This suggestion is superseded by the material below.
==
Note. Checkpoint 1.4 and 1.3 are replaced by checkpoints 1.4.A through 1.4.F.

New WCAG checkpoint 1.4.A (4 December 1999):
"1.4.A Until user agents can produce synthesized-speech auditory descriptions, provide an auditory description of _important information_ for each multimedia presentation (e.g., movie or animation). [Priority 1]"

Note that this is essentially a refined version of checkpoint 1.3. It doesn't specify what kind of auditory description (synthesized-speech or prerecorded), but while this checkpoint is in force, it will generally the latter.

New WCAG checkpoint 1.4.B (4 December 1999) (id: WC-SSAD):
"1.4.B For each multimedia presentation, provide data that will produce a synthesized-speech auditory description. [Priority 1]"
"Note: This checkpoint becomes effective one year after the release of a W3C specification for synthesized-speech auditory descriptions."

Rationale: I think that it doesn't make sense to require synchronization data before a W3C standard is established. Notice that the checkpoint refers to "data" rather than just "synchronization" data. Both the text equivalent "data" and the synchronization data are needed.

This check is very important not only because it affirms the necessity of synthesized-speech auditory descriptions but also because it affirms that auditory descriptions will be required AT ALL after the "Until user agents" condition is satisfied.

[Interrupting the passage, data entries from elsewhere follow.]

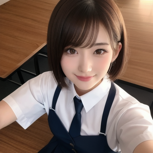 realistic Japanese cute, girl,18 years old, short hair, smile,
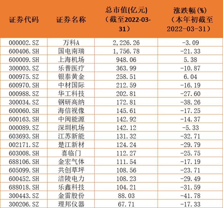 细观这20家上市公司,截至今年一季度末,除万科A、国电南瑞市值超千亿元以及上海机场市值接近千亿元外,包括海信视像、深圳机场、涪陵电力在内的11家上市公司的市值均在100亿元以上,还有两家上市公司金雷股份与理邦仪器的市值不足百亿元,这意味着新华保险偏爱投资中小市值股票。
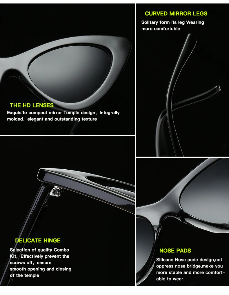 2020 Cat Eye Fashion Sunglasses Plastic Women Vintage Small Sun Glasses Mirror Sunglasses Female UV400
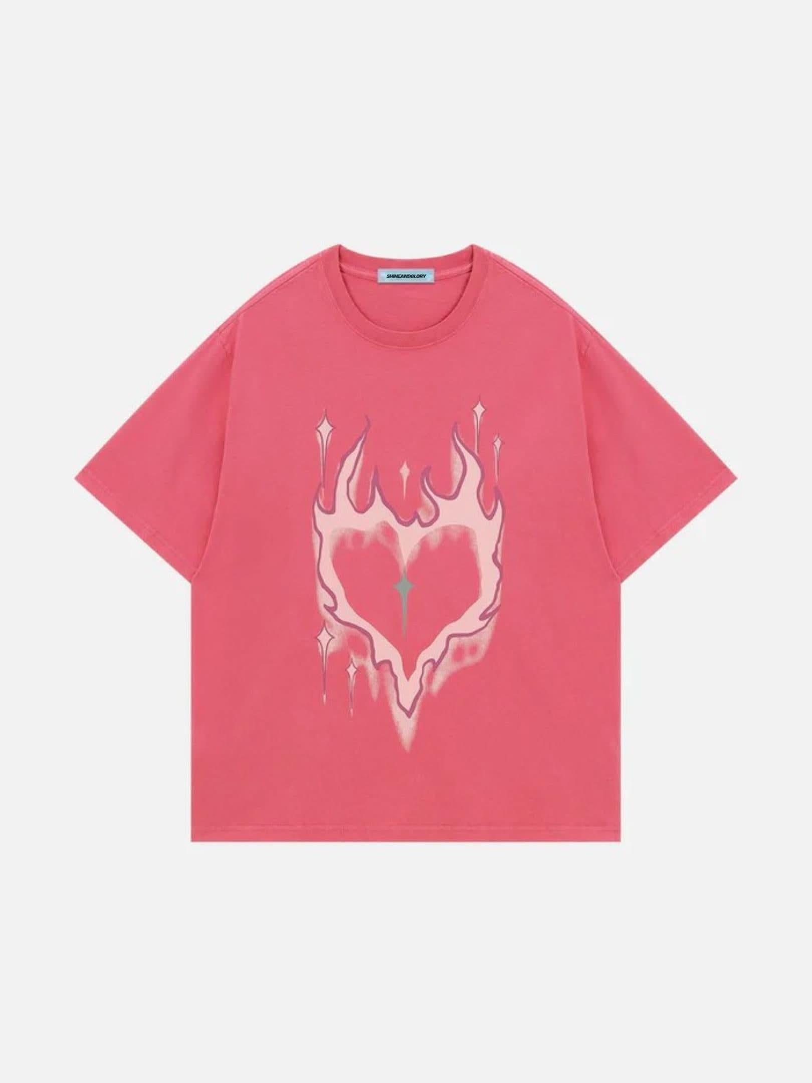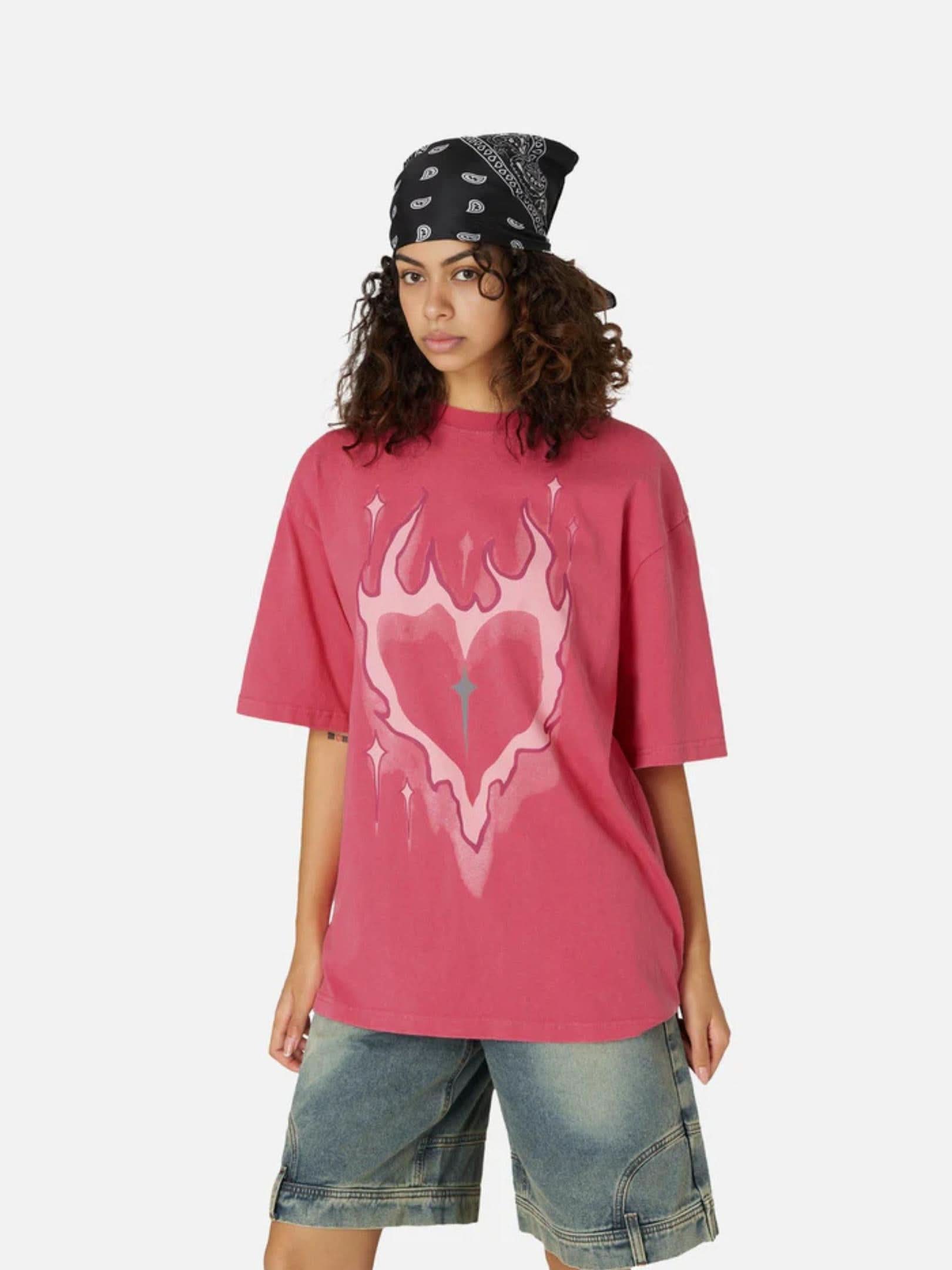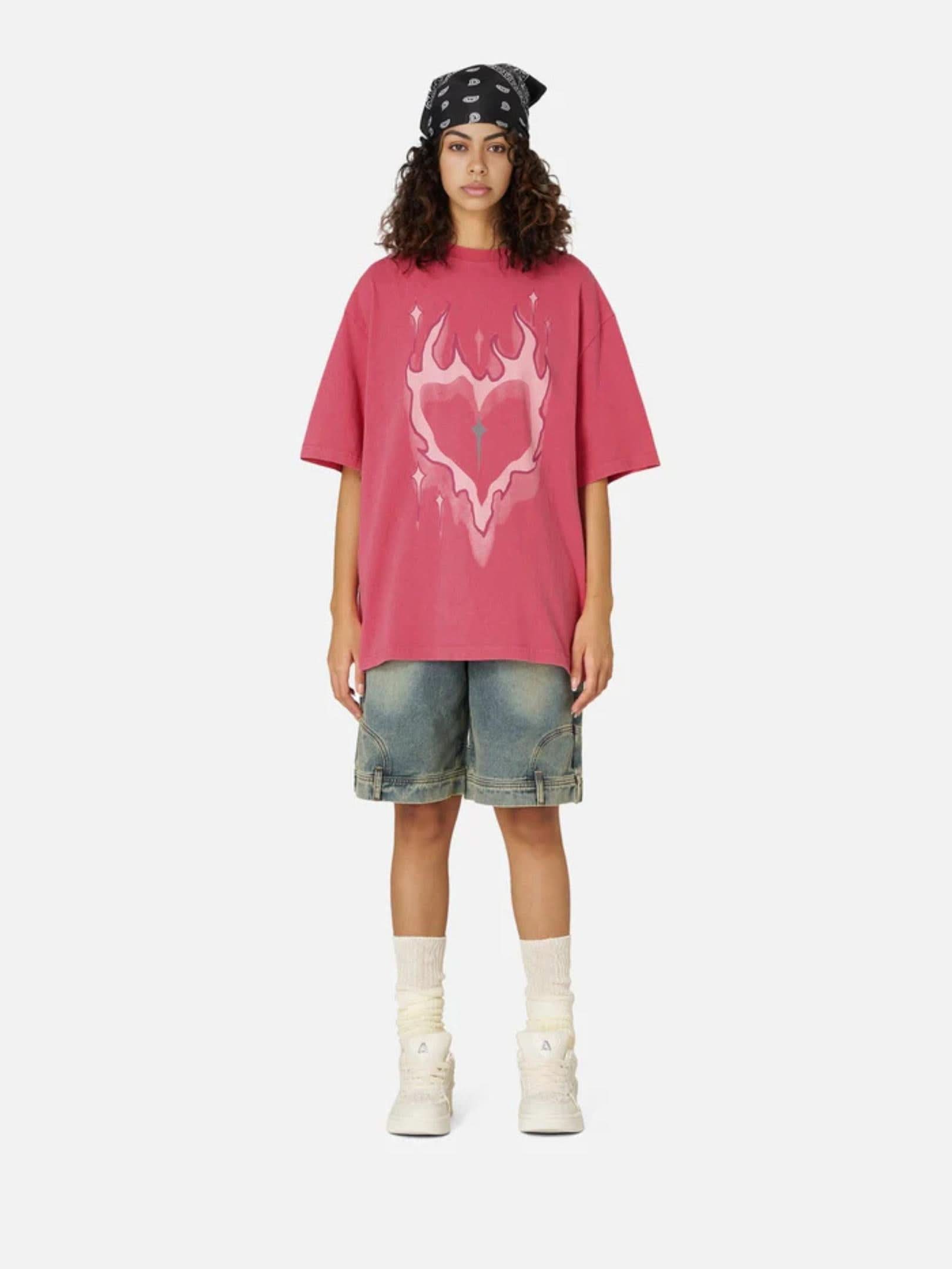 The "Heat-Seeker" Heavyweight Fabric Constructed from our premium 320GSM Open-End Cotton, the Heart-Flame Tee offers that authentic, "crisp" streetwear feel. This fabric is specifically chosen for its ability to hold the integrity of high-density prints while maintaining a rigid, boxy silhouette. It’s thick, durable, and designed to look better with every mile of concrete you cover.
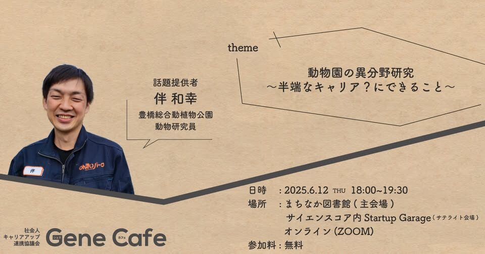 第67回ジェネカフェ『動物園の異分野研究 ~半端なキャリア?にできること~』
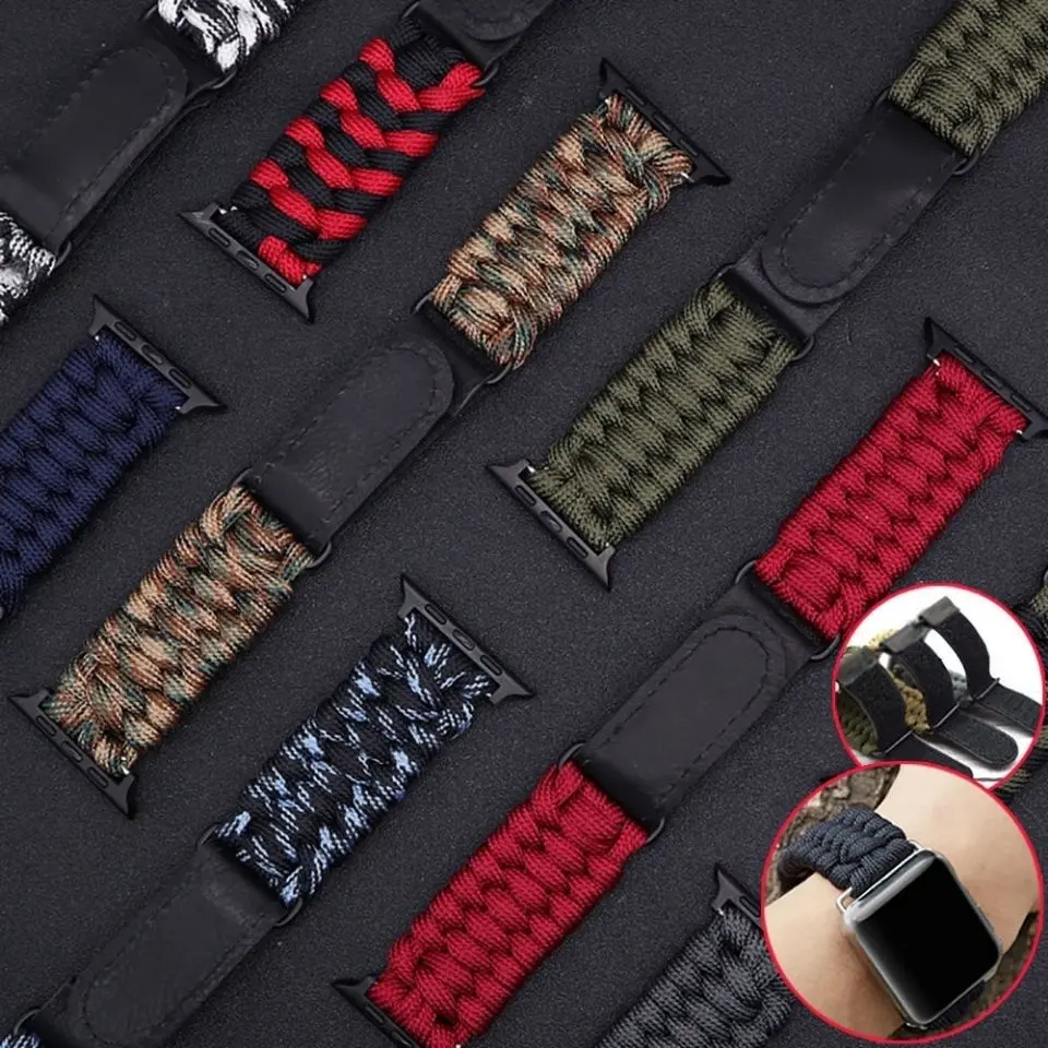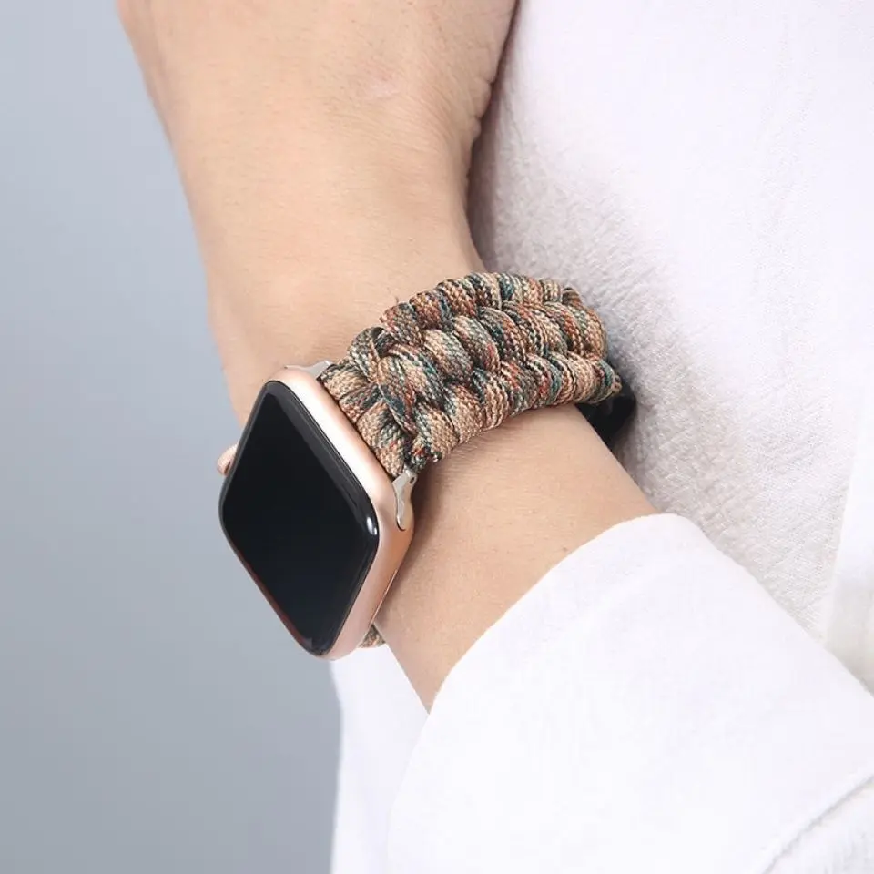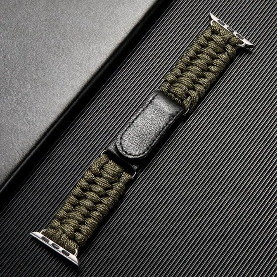 Upgrade your Apple Watch with rugged utility and adventurous spirit through this Paracord Braided Nylon Strap with Leather Buckle and Velcro Closure, perfectly designed for explorers, outdoor lovers, and those who value durability with a touch of tactical style.
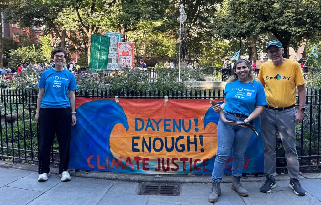At Sun Day in Manhattan in September 2025: Abby Breslow, Dayenu New York Organizer; Rocky Stern; and Bill McKibben
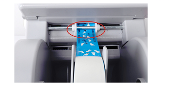4、腕帶需要正確安裝好,并卡緊。打印機進紙位限位片需要調節好,以免打印出來的腕帶走偏。打印完之后,腕帶對著撕紙口,輕輕撕下,不能用力拉扯。
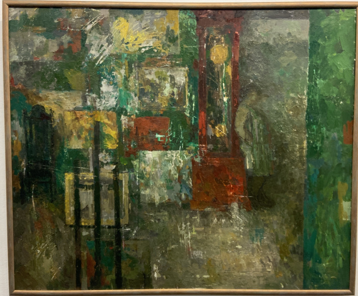 Аналогичный эффект, когда не сразу понимаешь сюжет, на «Автопортрете с красными часами», работа тоже из недавних, 2024 года, не окончена. И в центре внимания художницы не она сама, хотя и называется картина «Автопортрет». Нас фокусируют на интерьере — мольберт на первом плане, за ним — множество картин в подрамниках и без, а рядом — элегантные старинные часы с маятником. Где же художница? Ее мы едва замечаем (снова лишь отойдя назад) в дверях, облокотившись на часы. Оптический обман да и только.
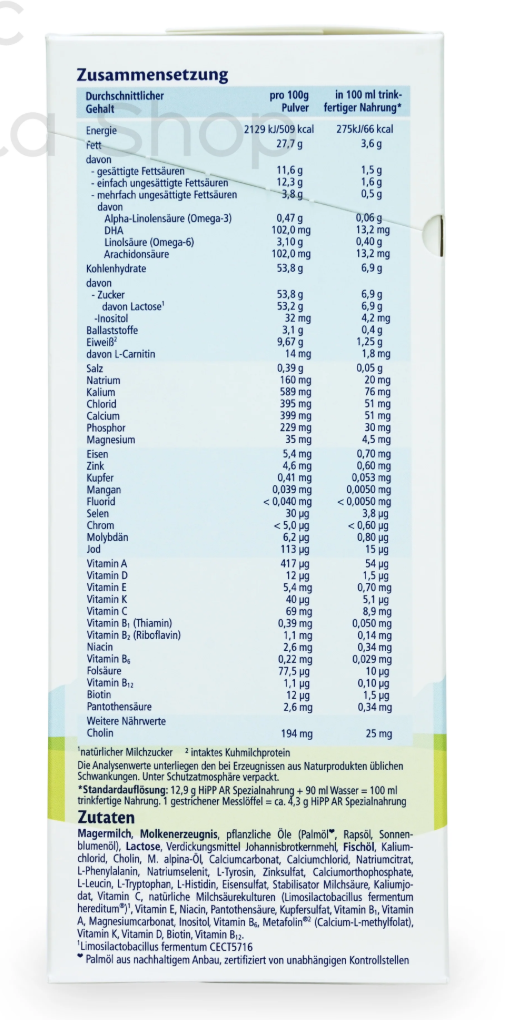 Backed by over 60 years of HiPP research, this AR formula includes Vitamins A, C & D, Iron, Calcium, and Omega-3 (DHA) to support your baby’s immune system, bone health, and cognitive development — all while keeping feeding calm and comfortable.
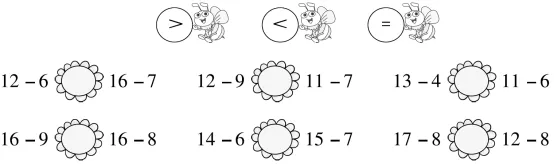 1.3比12少( );8比( )少7;16比( )多9。
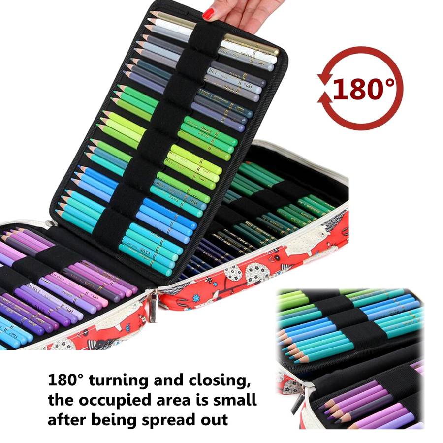 Features: ? a?? Adjustable 100 120 132 144 150 pieces colored pencils or makers on this pencil organizer. a?? 180ᄀ ̄ turning and closing, the occupied area is small after being spread out. a?? With two sides of elastic holders, roomy for all your drawing tool. a?? Fits for watercolor pencils perfectly, could also apply to ordinary pencils.? a?? Handy Design, easy and convenient to carry anywhere. a?? Safe and environmentally, friendly non-toxic. ? Specification: ? a???Material: oxford cloth a???Color: as shown in pictures a???Size: about? 265 x 210 x 55mm a???Capacity:? 150 slots ? Fitment: ? a???Ideal case for art, office, makeup supplies. It can hold various colored pencil, watercolor pencil, gel pen. a???marker, eraser or cosmetic brush in pencil case. Extensive Applicability. ? Package Includes: ? 1 x Pencil Storage Bag (Not including other things in the pictures) ?

This checkpoint is extremely important to solidify soon. It is also critical to develop the specification for synthesized-speech auditory descriptions, since developers of user agents might not implement the feature unless it is required by W3C.
==

An important alternative:

It is important to determine whether auditory descriptions of the future (i.e., those after the "Until user agents" clause is satisfied) will be required only for _important information_ of a visual track or simply for the whole track.

New WCAG checkpoint 1.4.B-RETAIN (4 December 1999) (id: WC-SSAD-IMPINF):
"1.4.B-RETAIN For each multimedia presentation, provide data that will produce a synthesized-speech auditory description of _important_ information for the visual track. [Priority 1]"
"Note: This checkpoint becomes effective one year after the release of a W3C specification for synthesized-speech auditory descriptions."

Rationale: Same rationale as for 1.4.B, except that this indicates that the auditory description is necessary only for "important" information.

====
New WCAG checkpoint 1.4.C (4 December 1999):
"1.4.C For each multimedia presentation (e.g., movie or animation), provide captions and a collated text transcript. [Priority 1]"

Rationale: These two pieces are essential (captions for individuals who are deaf; collated text transcript for individuals who are deaf-blind). We know that captions are needed and we have technologies that can handle it. A collated text transcript is relatively straightforward to supply.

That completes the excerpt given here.